When talking about quantitative trading, there are a large number of indicators and operators we can use as a buy/sell rule. But apart from deciding what indicator to follow, the most important part is in setting the correct parameters. So, one method we can use to find adequate parameters without spending too much time in the simulation of a lot of combinations would be using a genetic algorithm.
A genetic algorithm is an optimisation method inspired by the evolution of species and natural selection. Although it does not strictly belong to the Machine Learning field, it can be a good base to build a ML algorithm upon (as we will mention below).
The process would be the following:
- Initialisation: the algorithm starts with an initial population, which may be generated totally randomly. Every possible solution, (i.e. every element in that population), is called a chromosome.
- Iterative process:
- Crossover: those chromosomes are combined, creating a new population – the offspring. Every chromosome in this new generation is formed by mixing pieces – genes by biological analogy – of their ‘ancestors’.

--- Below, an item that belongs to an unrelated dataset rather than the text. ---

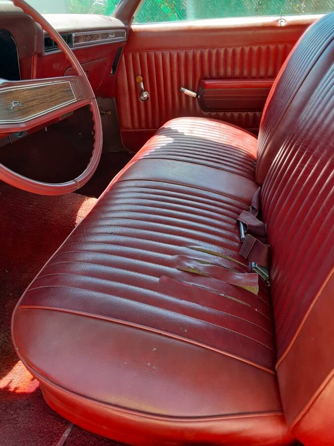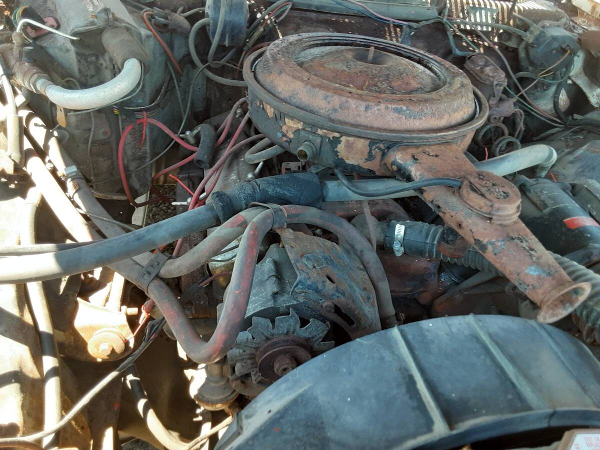 Hmmm. As evidenced by the red cloth top, custom door panels, missing body side moldings, and larger radius wheel wells – this had large diameter wheels & tires installed at one time. Someone’s abandoned dream – or nightmare.

- Mutation: usually, a mutation factor is also introduced, to allow some variation in the genes apart from the combination of the already existing characteristics.
- Evaluation: last, we have to calculate the fitness value of every new individual.
The idea in the crossover process is to create a generation bigger than the first, because only the best qualified individuals would survive. That means we will select the chromosomes that achieve the best results to be the parents for the following ones.
- Stop Conditions: we can use two or three different criteria to stop the iteration process:
- Reaching a fixed number of generations.
- Getting a satisfactory fitness level.
- Convergence of the algorithm.
I’m a particular fan of the first and third criteria (I would only use the second when execution time is essential).
Implementing a genetic algorithm is in fact an easy task; the most challenging part is how to transform our problem into chromosomes. We need mutable variables that we can transform easily and that do not require a huge amount of memory, so the algorithm can be efficient.
The following code is an example of a simple implementation of a genetic algorithm using Python syntax, where:
max_iter: is the maximum number of iterations allowed before the algorithm stops.
n_repeats: is the maximum number of iterations allowed whose best fitness is worse than the overall best fitness achieved in general during all the process. This is an easy way to control the convergence of the method. If we don’t use this, we can spend time executing the code when the algorithm is already stagnant in local optima.
N: is the number of individuals selected in every iteration to become the parents of the following generation.
i=0 fitness = 0 counter = 0 while i < max_iter: if counter > n_repeats: STOP Y = [ ] fit = [ ] pairs = randompairsfrom (X) for j in pairs: y = crossover ( j ) y = randommutation ( y ) Y. append (y) fit.append (fitness(y)) Y, fit = ordermaxtomin (Y, fit ) bestfitness = fit[ 0 ] if bestfitness < fitness: counter = counter+1 else: counter = 0 X = Y [0: N] i=i+1 fitness = bestfitness
It’s also important to take into account that, as mentioned above, as GA are an optimisation method, it is easy to get a local optimum of the problem. When that occurs, it’s really difficult to evolve and find another optimums. One thing we could do to force the algorithm to ‘jump’ out of local optima is change the selection process.
When the algorithm is ‘working well’, we make the selection of the better solutions from the set formed by the last generation and the new one. If we find that the algorithm is ‘working badly’ -some iterations occur but the best fitness is not getting better – we force the jump by using the brand new set of chromosomes (the last offspring) without also selecting the best solutions from the last iteration. Of course, the best fitness will become worse than the last one, but as we are changing the parents, the method will find a different set of solutions (we hope better than the others!).
So, you already know how to program a genetic algorithm (well done!).
The next step is deciding how to transform parameters of an indicator into chromosomes. If we can decide a general way to do that, then we will be able to use the same genetic algorithm to optimise the parameters of several different indicators.
I’m really sorry, but you’ll have to wait for the next post to find an example of the implementation, and what type of results we can get using real price series.
If you can’t wait and want to try by yourself, here’s a starting point for you:
What are the advantages and disadvantages of using a genetic algorithm to find the optimal parameters of an indicator for a concrete time series?
The virtues of using a GA should be finding good parameters to our trading models without spending too much time. The disadvantages are clear: the greatest risk of using an optimisation method is overfitting. We have already covered some techniques to mitigate overfitting by adding a regularisation term in a previous post.
Another option would be, make an adaptive algorithm. Thus, answering the question: what if we design an algorithm capable of detecting when its parameters are no longer getting good results, and then look for others that suit our constraints?